For a time, it seemed as if her parents had accepted their new life in Delhi. They rented a three-room apartment, and Nasreen’s father returned from overseas and began driving an auto-rickshaw. Nasreen enrolled in an educational program run by a local women’s empowerment charity, known by the acronym BUDS, and worked toward becoming the first in her family to complete high school.

But every tiny success required a battle against her parents’ fears about her reputation, and their own. They worried about letting Nasreen leave the house alone, lest a sexual assault jeopardize not just her safety but her marriageability. They worried about letting her get a job or study for a career because people might think that the men in the family were failing to fulfill their proper roles as providers.

The family’s position was too precarious to take economic risks.

When the coronavirus pandemic started, life became even more difficult. As people quarantined at home, demand for auto-rickshaw rides declined, and her father stopped working as much. At the same time, anti-Muslim sentiment and violence were growing. Although Nasreen’s family, who are Muslim, were never victims of sectarian violence, the increasing reports of attacks in the city made her parents nervous about staying in Delhi. The family began to plan for one of her brothers to follow her father’s footsteps and work in the Gulf, and to discuss returning to the village in West Bengal.

Meanwhile, Nasreen’s cousin and his family began pressuring Nasreen’s family to rekindle the engagement. Her parents — perhaps hoping to keep their options open about returning to the village — eventually agreed, then pressured Nasreen into accepting.

She immediately regretted the decision. Nasreen’s fiancé began to stalk her remotely, she said, demanding that she tell him where she was at all times and forbidding her from participating in ordinary activities. If she failed to conform to his exacting demands, he would verbally abuse her over the phone, frequently changing numbers so she could not block his calls.

“‘I have your Delhi address. I can come, and I can do anything,’” she said he told her. “He said, ‘I’ll throw acid on your face, I’ll ruin your life and everything.’”

To escape a second time, Nasreen secretly recorded her fiancé’s threats. Once she had gathered enough material, she played it for her parents. “If this is how he is treating me before marriage, what will he do after marriage?” she asked. Finally, they agreed to break off the engagement for good.

But Nasreen still quarreled with her family. After one fight, she said, her family punished her by locking her in a dark room alone for hours. Desperately afraid of the dark, she felt as if she was suffocating. In a panic, she cut deep slashes in both wrists, leaving permanent scars.

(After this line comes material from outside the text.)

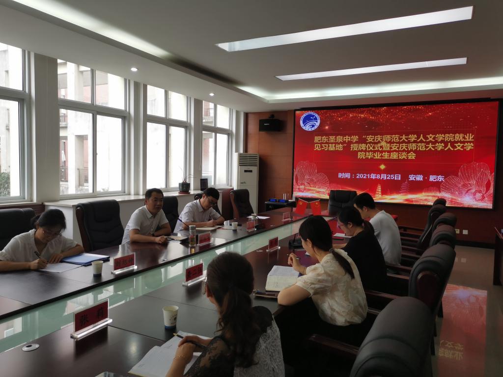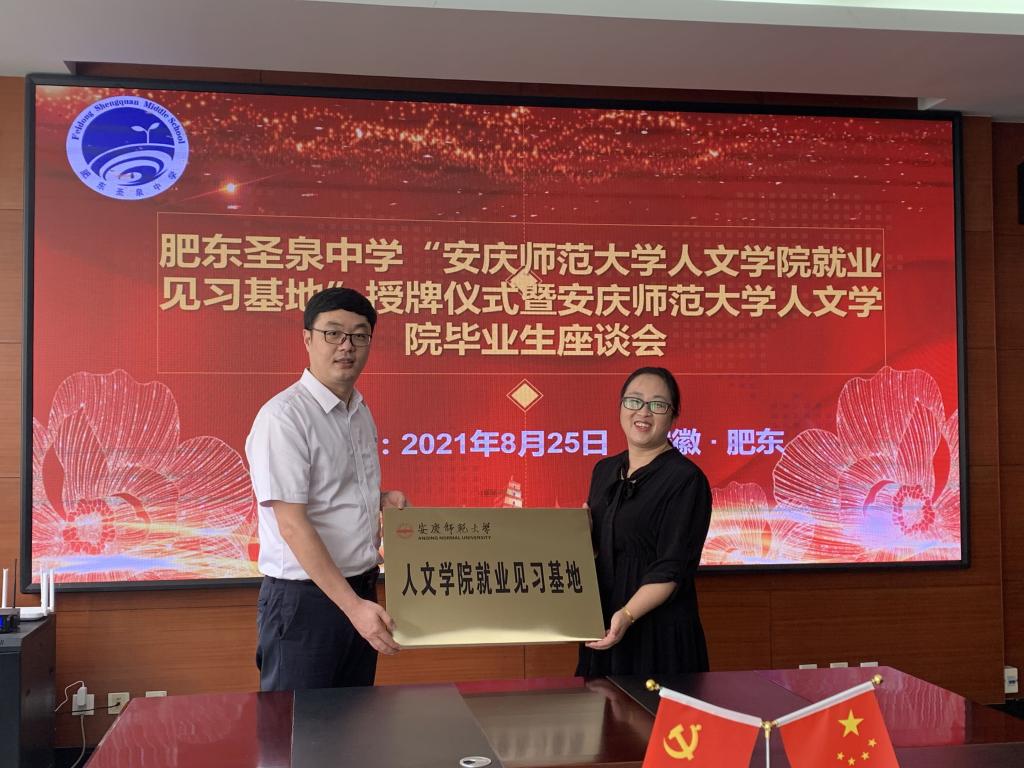 党委副书记王波代表学院为肥东圣泉中学授予“诸侯快讯入口官网就业见习基地”牌匾。与会人员就人才培养质量、就业见习基地建设等方面展开了深入交流。

“There were times when I felt like ending my life or running away,” she said. “But I stopped because my parents would have had to answer a lot of people and a lot of questions. I didn’t want to give them that burden.”

She had relied on her wits and will to get out of the violent engagement. Now, she felt she needed to find a way out of her family’s stifling control.

Bhumika Saraswati, Nikita Jain and Andrea Bruce contributed reporting.